Material supplied —
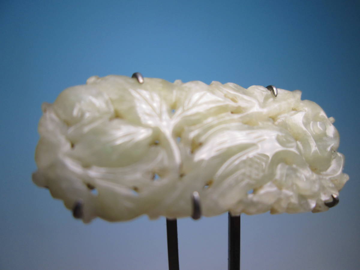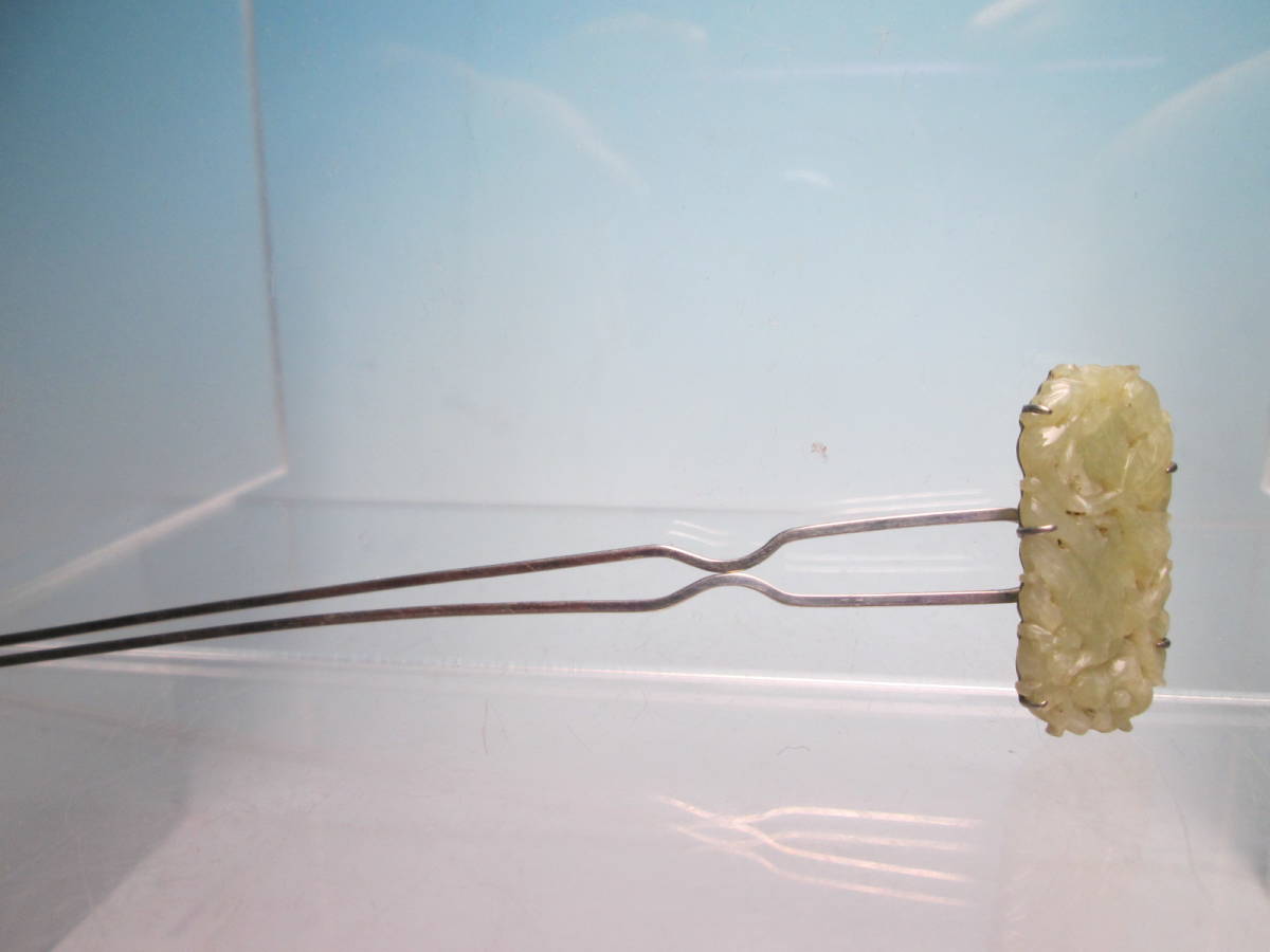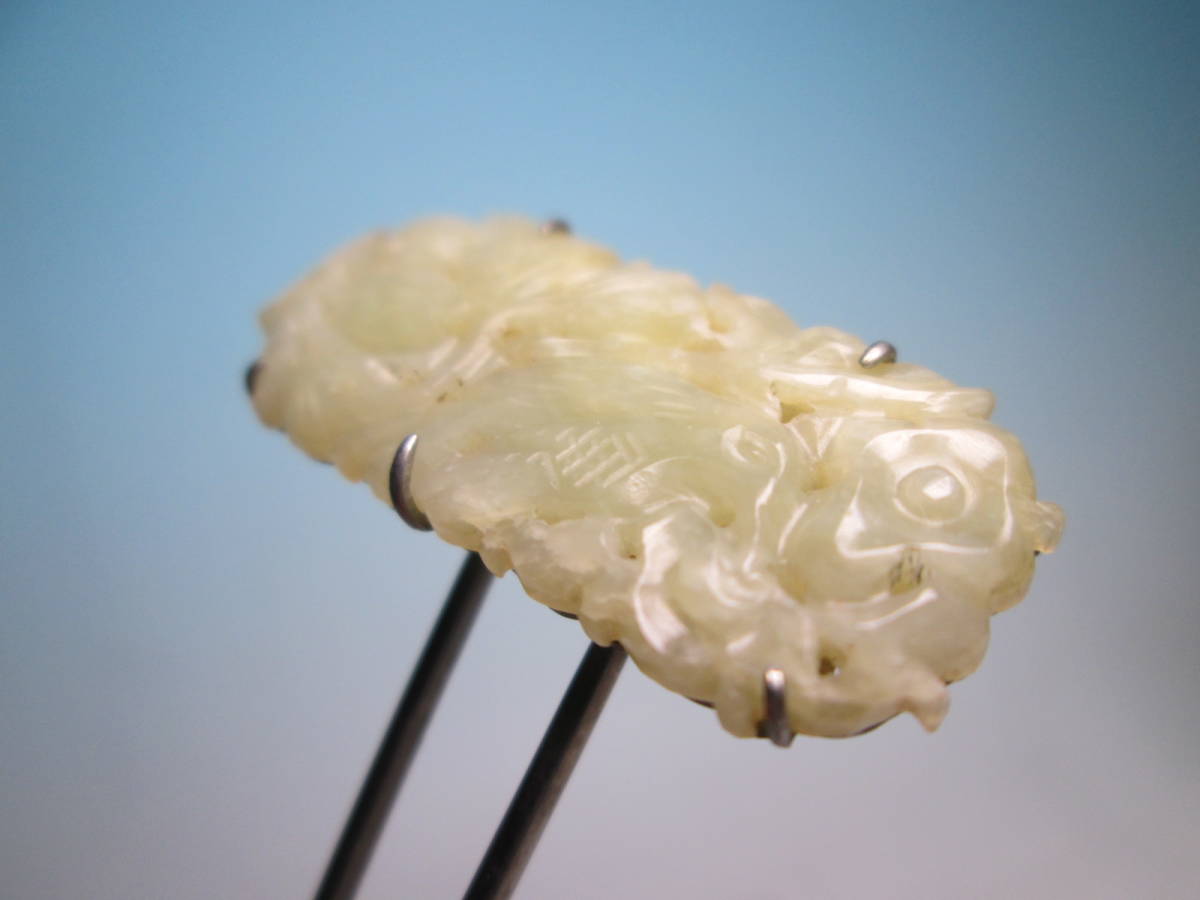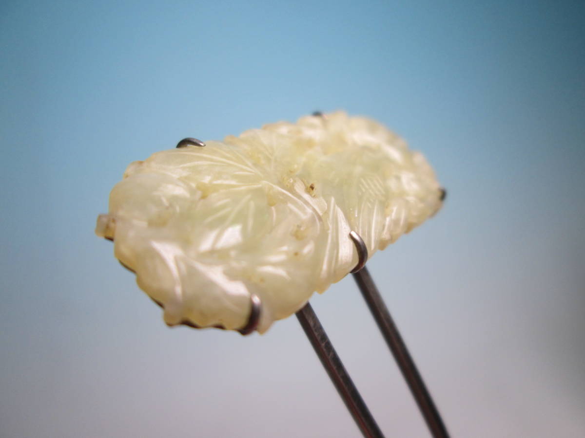 【江月】☆アンティーク・白砡 花に鳥透かし彫り彫刻のかんざし 5,8g
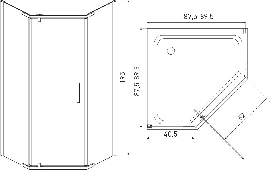 Cabină de duș pătrată Kora 90 Gold cu ușă batantă
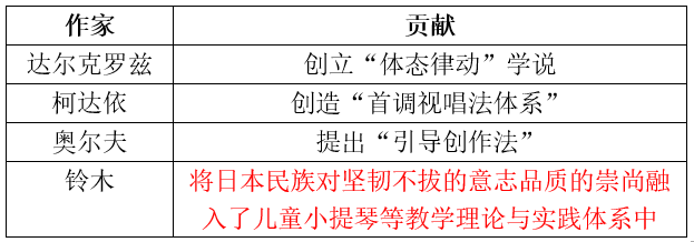 [单选题]( )的主要贡献在于:将日本民族对坚韧不拔的意志品质的崇尚融入了儿童小提琴等教学理论与实践体系中。
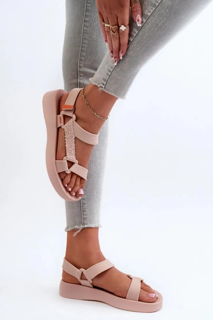 Elastyczne sandały damskie marki ZAXY to idealne obuwie na letnie dni. Zapinane na rzep, co zapewni idealne dopasowanie do stopy. Wykonane z wysokogatunkowego tworzywa. Z boku ozdobny pasek z małymi kwiatuszkami. Zaxy to pachnące gumą balonową buty, które na pewno przypadną Ci do gustu! Przy wyborze rozmiaru prosimy kierować się tabelą rozmiarów.
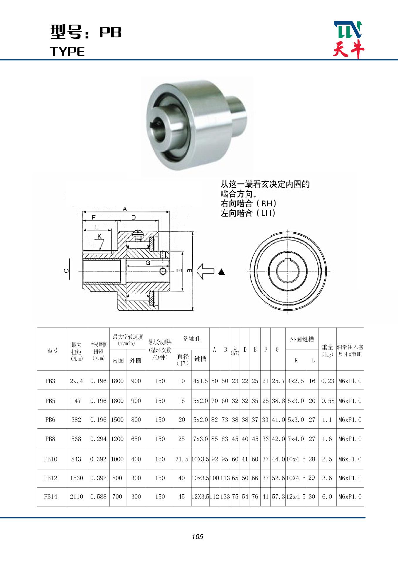 1. A coaxialidade do anel externo e do anel interno da embreagem de came da série PB é mantida por um rolamento deslizante entre o anel externo e o eixo. Este rolamento deslizante também pode suportar a carga radial atuando no anel externo.
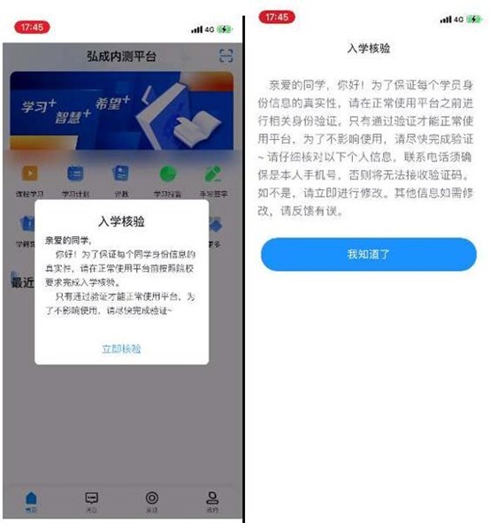 學(xué)生登錄客戶端以后,系統(tǒng)會(huì)彈出身份核驗(yàn)和信息確認(rèn)的頁面,學(xué)生須認(rèn)真核對(duì)個(gè)人基本信息(如姓名、性別、身份證號(hào)、民族等)。如果沒有錯(cuò)誤,點(diǎn)擊“確認(rèn)無誤”按鈕;如果有錯(cuò)誤,點(diǎn)擊“反饋錯(cuò)誤”,等待學(xué)院處理以后,可正常進(jìn)入系統(tǒng)。特別提示:基本信息錯(cuò)誤需要變更的,需聯(lián)系校外教學(xué)點(diǎn)負(fù)責(zé)老師,準(zhǔn)備信息變更所需要的材料。

Try it —
The copy must include every record exactly and none of the pictures.

Answer box —
 【江月】☆アンティーク・白砡 花に鳥透かし彫り彫刻のかんざし 5,8g
 Cabină de duș pătrată Kora 90 Gold cu ușă batantă
 [单选题]( )的主要贡献在于:将日本民族对坚韧不拔的意志品质的崇尚融入了儿童小提琴等教学理论与实践体系中。
 Elastyczne sandały damskie marki ZAXY to idealne obuwie na letnie dni. Zapinane na rzep, co zapewni idealne dopasowanie do stopy. Wykonane z wysokogatunkowego tworzywa. Z boku ozdobny pasek z małymi kwiatuszkami. Zaxy to pachnące gumą balonową buty, które na pewno przypadną Ci do gustu! Przy wyborze rozmiaru prosimy kierować się tabelą rozmiarów.
 1. A coaxialidade do anel externo e do anel interno da embreagem de came da série PB é mantida por um rolamento deslizante entre o anel externo e o eixo. Este rolamento deslizante também pode suportar a carga radial atuando no anel externo.
 學(xué)生登錄客戶端以后,系統(tǒng)會(huì)彈出身份核驗(yàn)和信息確認(rèn)的頁面,學(xué)生須認(rèn)真核對(duì)個(gè)人基本信息(如姓名、性別、身份證號(hào)、民族等)。如果沒有錯(cuò)誤,點(diǎn)擊“確認(rèn)無誤”按鈕;如果有錯(cuò)誤,點(diǎn)擊“反饋錯(cuò)誤”,等待學(xué)院處理以后,可正常進(jìn)入系統(tǒng)。特別提示:基本信息錯(cuò)誤需要變更的,需聯(lián)系校外教學(xué)點(diǎn)負(fù)責(zé)老師,準(zhǔn)備信息變更所需要的材料。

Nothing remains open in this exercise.